___ Raw data ___
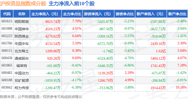 资金流向方面,沪投资品(000102)指数成份股当日主力资金净流出合计54.71亿元,游资资金净流入合计11.17亿元,散户资金净流入合计43.53亿元。成份股资金流向详情见下表:
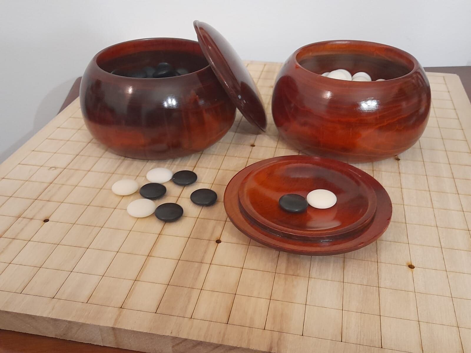 Kit 19x19 en madera con piedras de 21 mm y gokes especiales. El tablero ofrece una estructura firme y una superficie agradable al tacto, ideal para partidas más estables y tradicionales. Las piedras, de tamaño estándar, brindan una manipulación cómoda y clara durante el juego. Los gokes permiten almacenar y organizar las piedras de forma práctica y tradicional. Es un set completo y de buena presencia, pensado para jugadores que buscan mayor calidad en su equipo de Go.
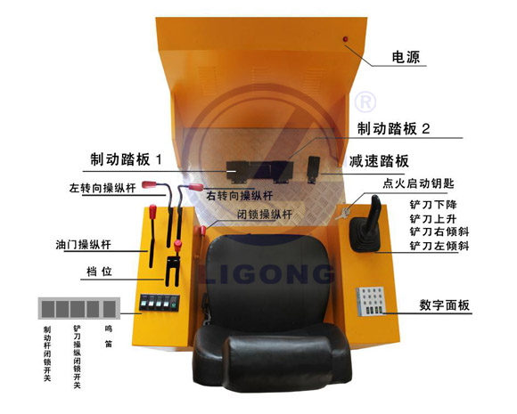 3.擁有左右行走踏板、減速踏板、鏟刀控制手柄、操縱箱、手拉式方向總成、檔位控制器、檔位閉鎖桿、油門拉桿、高集成數據電路板及各種功能調節組件等組成,操作時在視屏上顯示輸出與操作相對應的逼真三維場景并伴有相應語音提示;
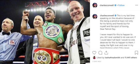 “@charlesconwell This is my last time speaking on the situation because of this being a sensitive topic not only for his family and friends but for myself and the sport of boxing.
___
### Activity:
Without the pictures, transcribe exactly the lines above from the one containing "3.擁有左右行走踏板、減速踏" through the last.

### Task answer:
 3.擁有左右行走踏板、減速踏板、鏟刀控制手柄、操縱箱、手拉式方向總成、檔位控制器、檔位閉鎖桿、油門拉桿、高集成數據電路板及各種功能調節組件等組成,操作時在視屏上顯示輸出與操作相對應的逼真三維場景并伴有相應語音提示;
 “@charlesconwell This is my last time speaking on the situation because of this being a sensitive topic not only for his family and friends but for myself and the sport of boxing.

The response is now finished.